The outcomes are shown above – as the typical of two complete runs for more precision. We also tested Command-R+ and Mixtral-8x22B, but don’t show them for clarity.
⇒ Llama-3-70B-Instruct leads the Open-Source models: it’s on par with GPT-4, and it’s especially strong in a ReactCodeAgent because of Llama 3’s strong coding performance!
💡 It’s interesting to check JSON- and Code-based React agents: with less powerful LLM engines like Mixtral-8x7B, Code-based agents don’t perform in addition to JSON, because the LLM engine steadily fails to generate good code. However the Code version really shines with more powerful models as engines: in our experience, the Code version even outperforms the JSON with Llama-3-70B-Instruct. Consequently, we use the Code version for our next challenge: testing on the entire GAIA benchmark.

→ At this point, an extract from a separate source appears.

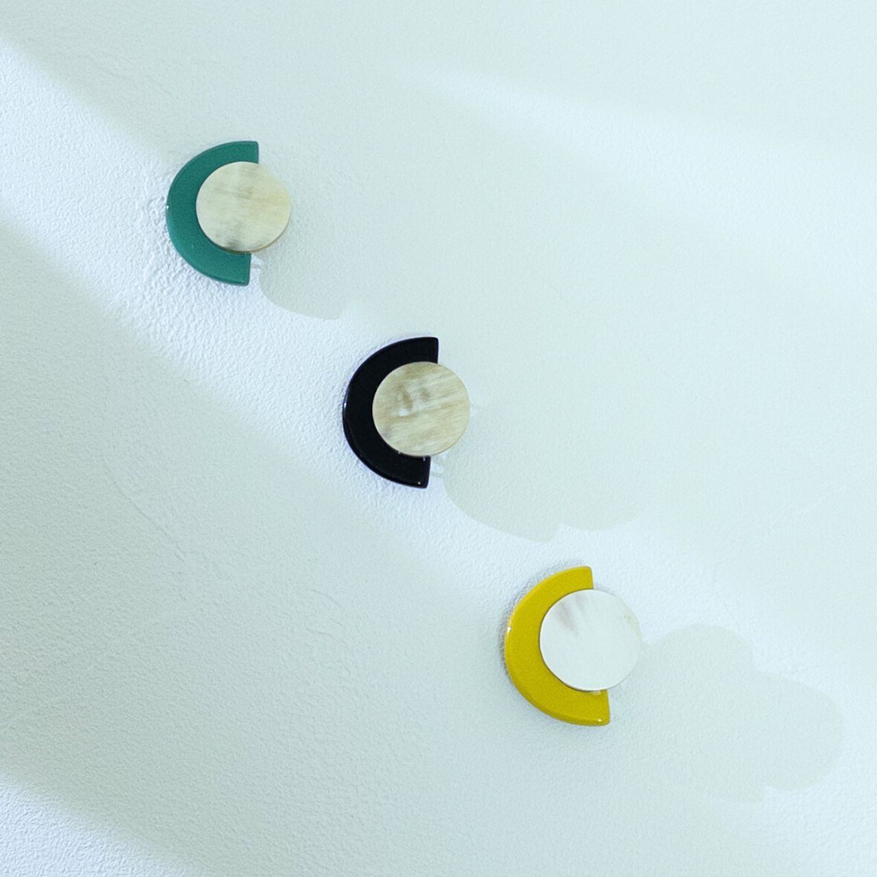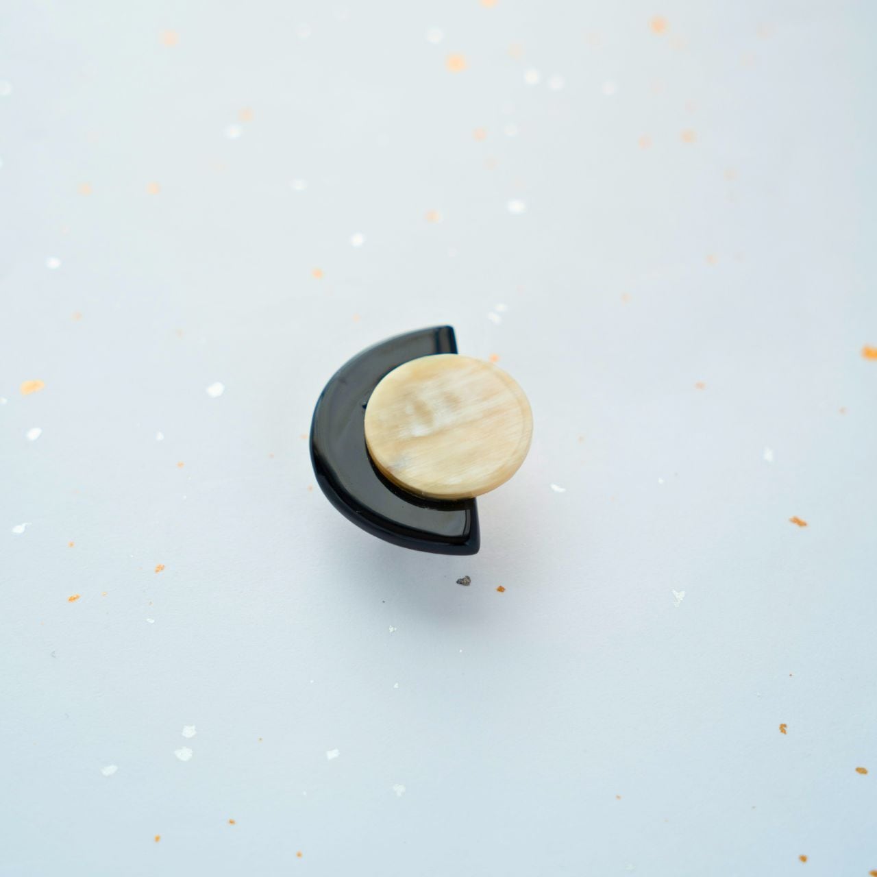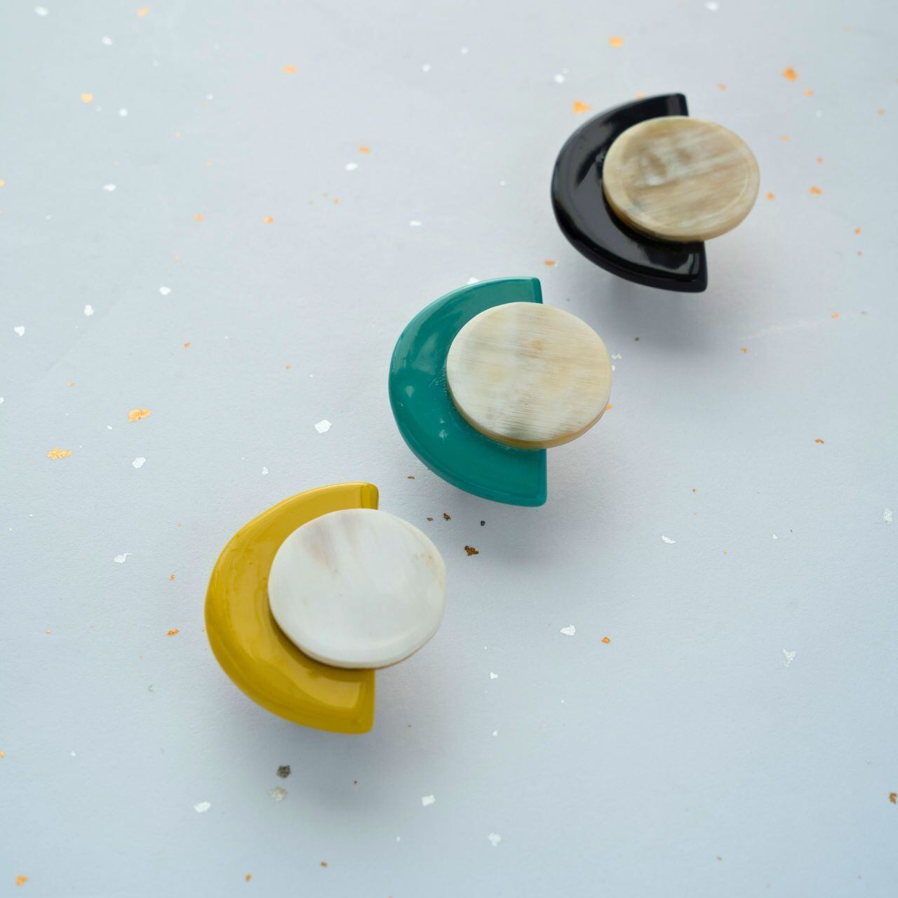 ホーンの自然の模様を雲にみたてた 半月に雲 雲紋の帯留め 明るい色味も楽しめる三色をご用意いたしました 〔素材〕 バッファローホーン 〔サイズ〕 本体:横3.0cm✕縦3.5cm 金具:内1.3cm 重さ:約5.5g ※天然素材のため、色味や形、重さに若干の個体差がございます。 *写真の着物は竺仙製

Climbing up the GAIA Leaderboard with a multi-modal agent
GAIA (Mialon et al., 2023) is a particularly difficult benchmark: you possibly can see within the agent_reasoning_benchmark above that models don’t perform above 50% despite the fact that we cherry-picked tasks that may very well be solved with 2 basic tools.
Now we would like to get a rating on the entire set, we don’t cherry-pick questions anymore. Thus we’ve to cover all modalities, which leads us to make use of these specific tools:
SearchTool: the online browser defined above.TextInspectorTool: open documents as text files and return their content.SpeechToTextTool: transcribe audio files to text. We use the default tool based on distil-whisper.VisualQATool: analyze images visually. For these we use the shiny recent Idefics2-8b-chatty!

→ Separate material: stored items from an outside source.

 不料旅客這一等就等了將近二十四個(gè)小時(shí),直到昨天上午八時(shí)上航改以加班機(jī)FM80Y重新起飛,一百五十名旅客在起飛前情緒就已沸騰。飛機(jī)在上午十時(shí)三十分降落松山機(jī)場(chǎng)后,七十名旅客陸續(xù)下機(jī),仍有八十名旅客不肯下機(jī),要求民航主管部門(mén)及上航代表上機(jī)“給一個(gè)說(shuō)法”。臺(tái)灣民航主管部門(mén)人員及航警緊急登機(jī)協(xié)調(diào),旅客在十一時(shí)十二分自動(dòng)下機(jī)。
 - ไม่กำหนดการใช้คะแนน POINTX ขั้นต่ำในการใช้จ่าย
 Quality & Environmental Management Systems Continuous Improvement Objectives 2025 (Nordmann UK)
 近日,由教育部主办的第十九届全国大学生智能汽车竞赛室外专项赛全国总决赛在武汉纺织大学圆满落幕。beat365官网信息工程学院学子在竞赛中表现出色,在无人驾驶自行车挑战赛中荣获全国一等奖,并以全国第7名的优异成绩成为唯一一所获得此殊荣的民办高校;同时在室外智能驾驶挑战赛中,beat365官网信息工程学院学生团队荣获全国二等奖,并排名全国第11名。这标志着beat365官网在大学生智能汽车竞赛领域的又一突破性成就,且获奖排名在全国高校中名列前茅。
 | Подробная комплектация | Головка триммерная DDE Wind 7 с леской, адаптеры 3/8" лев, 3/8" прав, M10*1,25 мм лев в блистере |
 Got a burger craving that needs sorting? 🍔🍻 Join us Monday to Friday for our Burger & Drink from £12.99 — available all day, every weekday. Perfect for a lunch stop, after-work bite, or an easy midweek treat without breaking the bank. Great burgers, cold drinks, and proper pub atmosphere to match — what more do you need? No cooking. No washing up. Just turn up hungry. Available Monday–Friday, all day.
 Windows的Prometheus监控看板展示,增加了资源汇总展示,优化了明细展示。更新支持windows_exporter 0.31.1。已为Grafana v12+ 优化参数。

We first initialize these toole (for more detail, inspect the code within the repository).
Then we initialize our agent:
from transformers.agents import ReactCodeAgent, HfEngine
TASK_SOLVING_TOOLBOX = [
SearchTool(),
VisualQATool(),
SpeechToTextTool(),
TextInspectorTool(),
]
react_agent_hf = ReactCodeAgent(
tools=TASK_SOLVING_TOOLBOX,
llm_engine=HfEngine(model="meta-llama/Meta-Llama-3-70B-Instruct"),
memory_verbose=True,
)
And after a while needed to finish the 165 questions, we submit our result to the GAIA Leaderboard, and… 🥁🥁🥁
⇒ Our agent ranks 4th: it beats many GPT-4-based agents, and is now the reigning contender for the Open-Source category!
Conclusion
We’ll keep improving this package in the approaching months. We’ve got already identified several exciting paths in our development roadmap:
- More agent sharing options: for now you possibly can push or load tools from the Hub, we are going to implement pushing/loading agents too.
- Higher tools, especially for image processing.
- Long-term memory management.
- Multi-agent collaboration.
👉 Go check out transformers agents! We’re looking forward to receiving your feedback and your ideas.
Let’s fill the highest of the leaderboard with more open-source models! 🚀
transformers.agentshas now been upgraded to the stand-alone library smolagents! The 2 libraries have very similar APIs, so switching is straightforward.
Go checkout thesmolagentsintroduction blog here.